Stored data entries
__________________________________________________
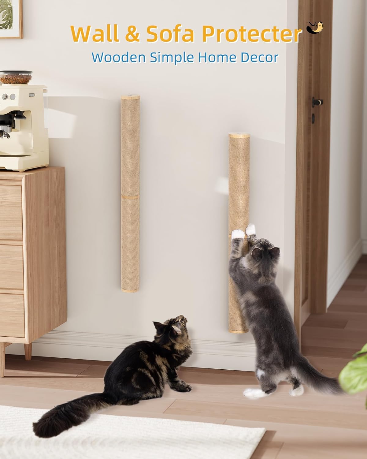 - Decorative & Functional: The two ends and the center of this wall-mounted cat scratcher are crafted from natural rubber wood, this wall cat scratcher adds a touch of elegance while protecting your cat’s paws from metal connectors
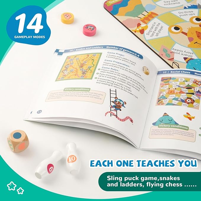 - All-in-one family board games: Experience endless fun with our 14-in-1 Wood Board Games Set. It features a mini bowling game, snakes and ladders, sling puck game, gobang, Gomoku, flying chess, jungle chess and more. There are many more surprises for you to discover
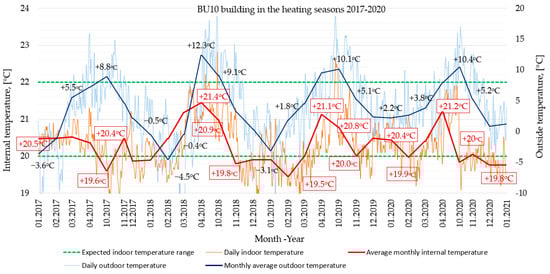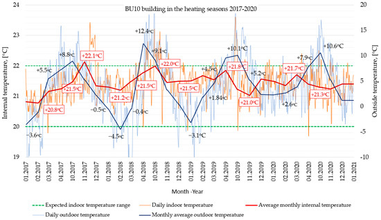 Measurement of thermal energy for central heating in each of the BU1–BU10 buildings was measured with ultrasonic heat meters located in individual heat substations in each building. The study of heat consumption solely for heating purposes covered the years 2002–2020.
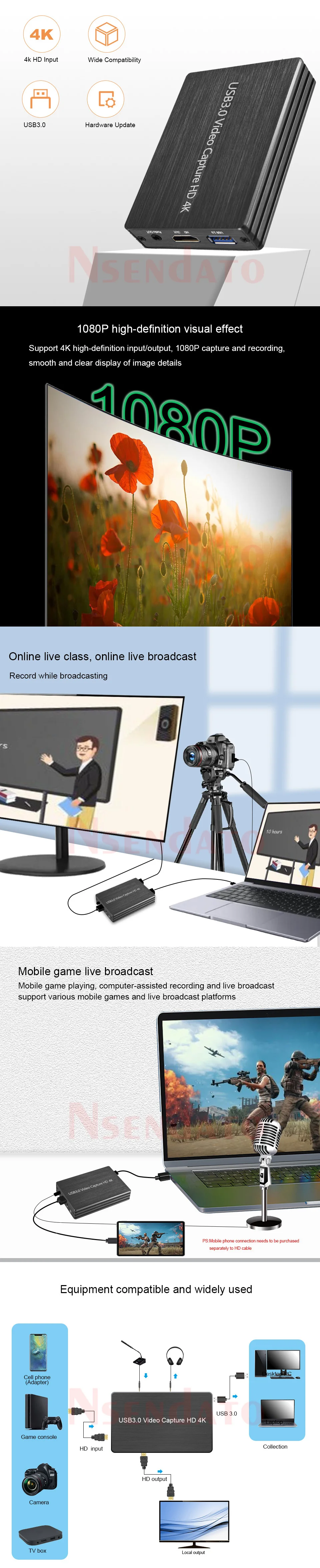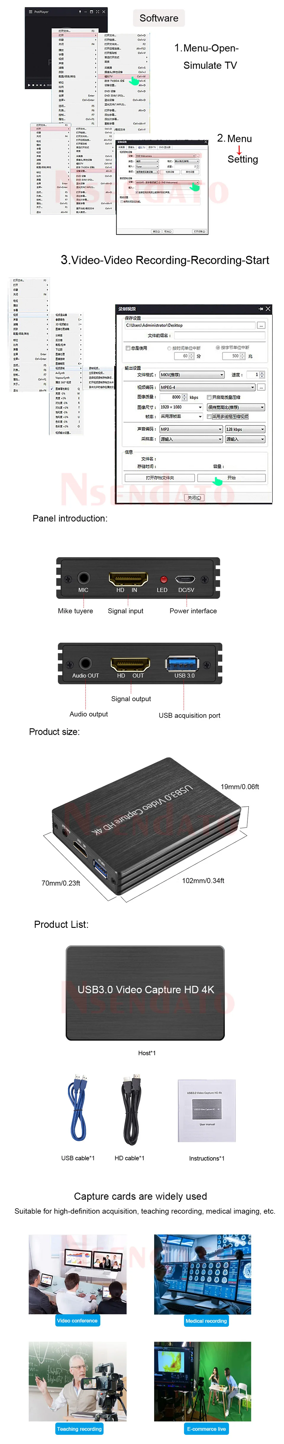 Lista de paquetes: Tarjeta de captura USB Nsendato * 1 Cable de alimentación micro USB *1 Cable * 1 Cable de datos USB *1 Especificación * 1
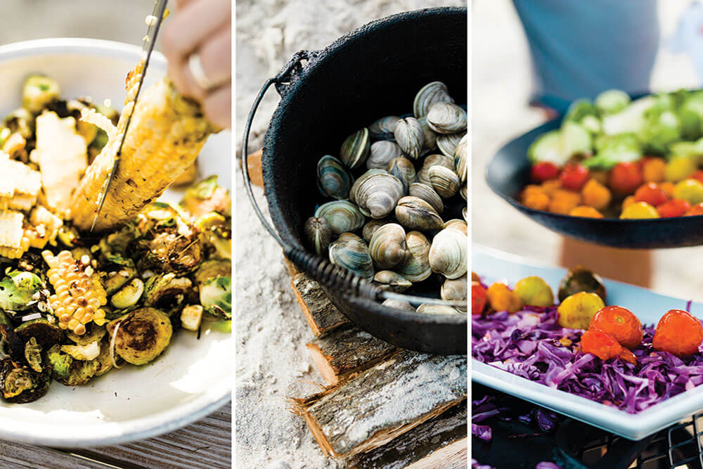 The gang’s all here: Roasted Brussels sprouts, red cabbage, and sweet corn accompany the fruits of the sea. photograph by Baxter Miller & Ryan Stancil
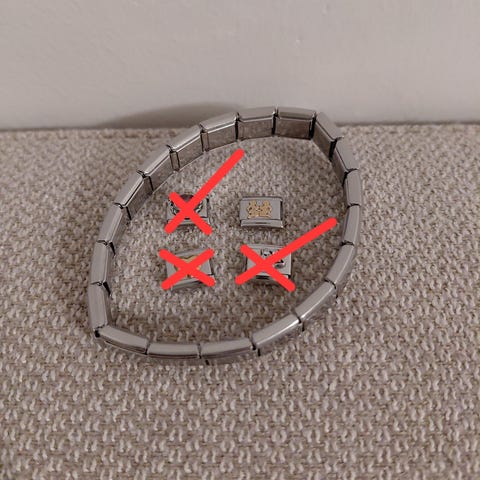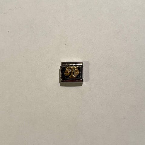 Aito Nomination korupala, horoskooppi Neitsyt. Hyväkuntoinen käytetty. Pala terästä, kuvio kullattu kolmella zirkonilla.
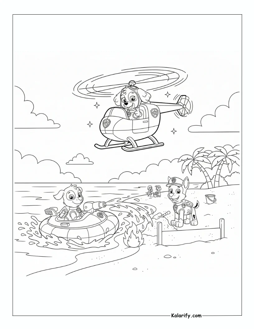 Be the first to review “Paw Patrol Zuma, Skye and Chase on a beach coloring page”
__________________________________________________
Within the data above, repeat exactly the lines from the one bearing "- All-in-one family" through the one bearing "The gang’s all". Include no pictures and nothing else.

SOLVED PROBLEM:
 - All-in-one family board games: Experience endless fun with our 14-in-1 Wood Board Games Set. It features a mini bowling game, snakes and ladders, sling puck game, gobang, Gomoku, flying chess, jungle chess and more. There are many more surprises for you to discover
 Measurement of thermal energy for central heating in each of the BU1–BU10 buildings was measured with ultrasonic heat meters located in individual heat substations in each building. The study of heat consumption solely for heating purposes covered the years 2002–2020.
 Lista de paquetes: Tarjeta de captura USB Nsendato * 1 Cable de alimentación micro USB *1 Cable * 1 Cable de datos USB *1 Especificación * 1
 The gang’s all here: Roasted Brussels sprouts, red cabbage, and sweet corn accompany the fruits of the sea. photograph by Baxter Miller & Ryan Stancil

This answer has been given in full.